Digitech argues that it was required to defend against Trans-Care's counterclaims in order to collect any money and therefore should be reimbursed for those attorneys' fees. But suppose Trans-Care had timely paid all of its balances, noting its objection, and then sued Digitech for fraud. In that case, the contractual language would not allow Digitech to recover its attorneys' fees, because there would be no "unpaid balances." This just shows that the fraud counterclaims are separable from the collecting of unpaid balances. At best Digitech's argument might indicate an ambiguity in the contractual language. As Digitech drafted the contract, the doctrine of contra proferentem directs a result against Digitech. MPACT Constr. Grp., LLC v. Superior Concrete Constructors, Inc., 802 N.E.2d 901, 910 (Ind. 2004) ("When there is ambiguity in a contract, it is construed against its drafter.").
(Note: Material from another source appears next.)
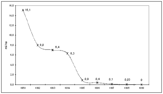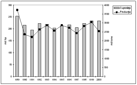 Cu toate acestea suprafata medie insamantata in anul 1997-1998 a fost cu 20% mai scazuta fata de perioada 1987-1988, in timp ce productia totala a fost cu doar 16% mai mica fata de aceiasi perioada de referinta.

Thus, the contractual language should be read to limit attorneys' fees only to the breach of contract action. And in any event, the fact that Digitech's award on the breach of contract has been greatly reduced will require a fresh look at its attorneys' fees award.
Therefore, we AFFIRM the decisions on fraud and breach of contract, but VACATE the damages awarded and REMAND for a new calculation of damages and fees in accordance with this opinion.